## Information shown
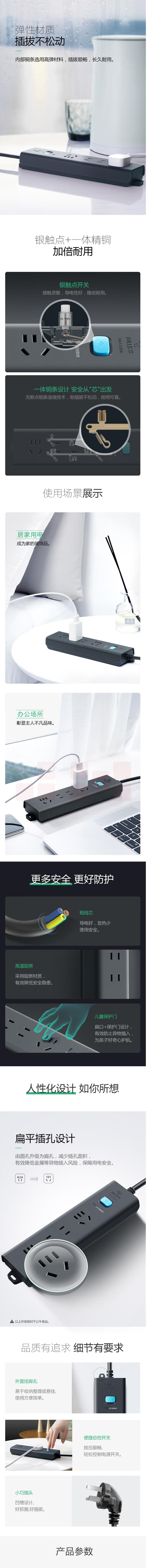 公牛 GN-H5220 4位总控全长1.8米 防雷插座/插线板/插排/排插/接线板/拖线板
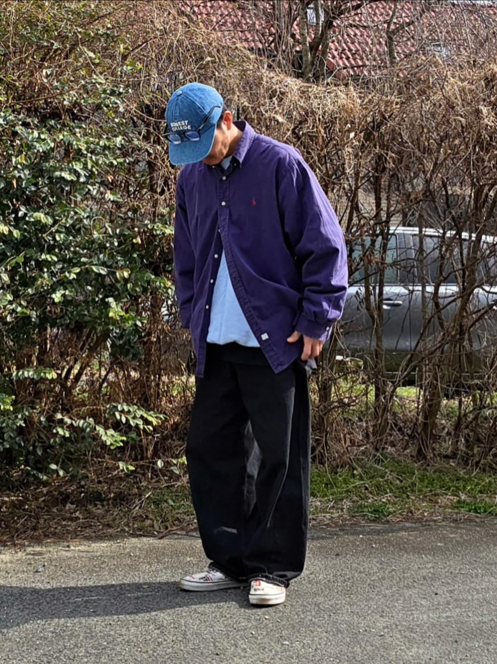 どーも✋ ドンキのバレルレッグジーンズとWHO'S WHO galleryのスウェットに古着のRALPH LAURENのシャツでストリート古着MIXコーデです🔥 ドンキのパンツはバレルレッグというよりワイドバギーって感じ。990円ならいいかな😊
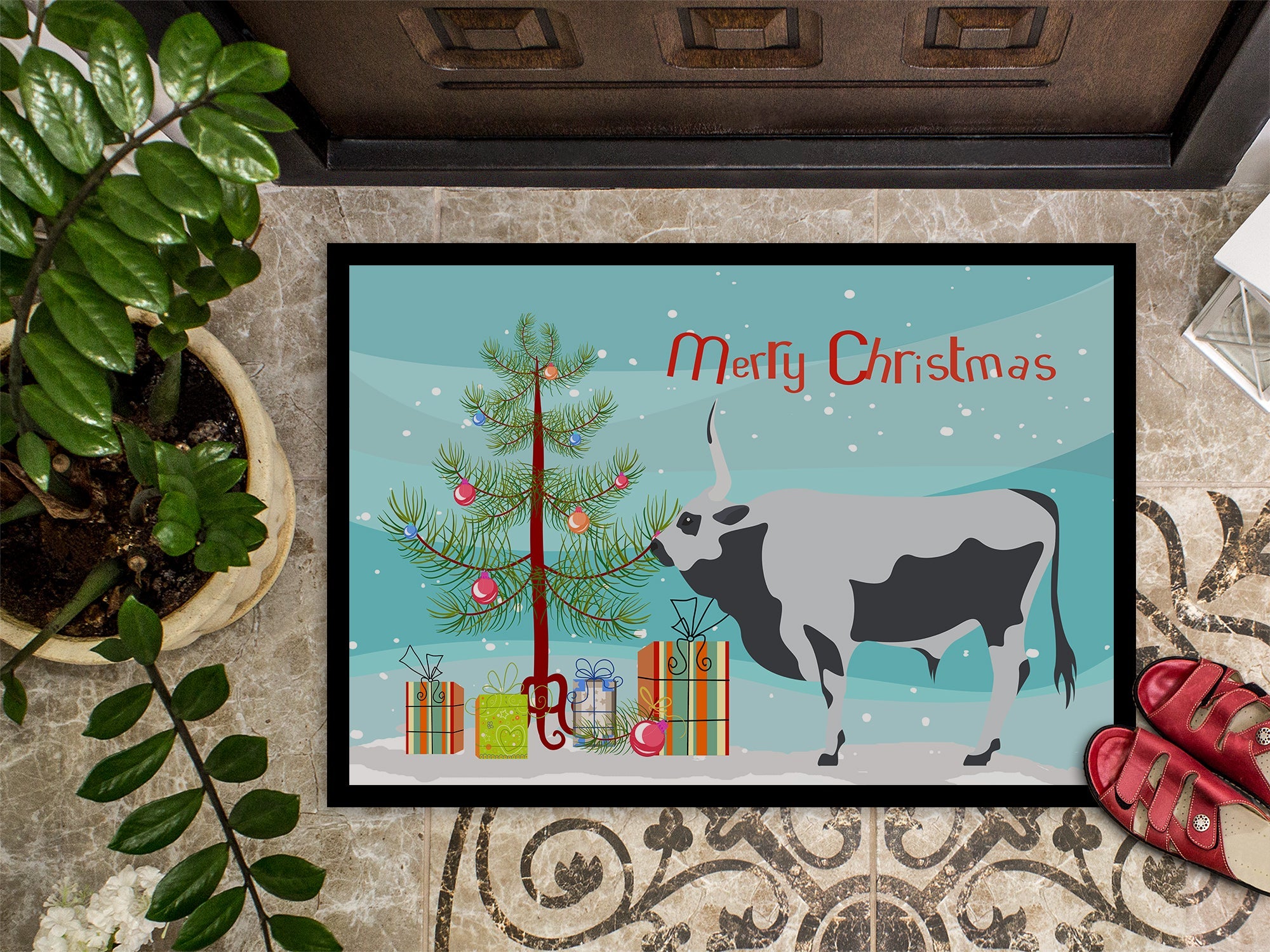 Decorate your space with our Christmas Hungarian Grey Steppe Cow artwork on a Doormat. Welcome your guests in style with our Artwork Door Mat, designed to withstand almost any weather condition. This mat, measuring approximately 18 by 27 inches, is held together by durable black binding tape. Its top layer, composed of polyester felt, is dyed with the eye-catching image you see on the mat. A few layers below provide the mat with stability, while its rubber bottom is stamped to help prevent slipping and ensures safety. Our mat works wonderfully as both an indoor or outdoor door mat. For cleaning, simply hose it off with water or use a power washer - no need for any cleaner that produces suds. Avoid scrubbing with a brush, instead, opt for the vacuum on floor setting. Designed manufactured and printed in the USA, this mat is a perfect addition to your porch, outdoor kitchen, entryway, or any indoor space. Its unique design makes it a charming decorative rug that greets your guests and adds a stylish touch to your home decor.

## Prompt
Beginning at the first line of the listing, print each line exactly until and including the one that has "どーも✋ ドンキのバレルレッグジーンズとWHO'S WHO"; skip pictures.

## Task answer
 公牛 GN-H5220 4位总控全长1.8米 防雷插座/插线板/插排/排插/接线板/拖线板
 どーも✋ ドンキのバレルレッグジーンズとWHO'S WHO galleryのスウェットに古着のRALPH LAURENのシャツでストリート古着MIXコーデです🔥 ドンキのパンツはバレルレッグというよりワイドバギーって感じ。990円ならいいかな😊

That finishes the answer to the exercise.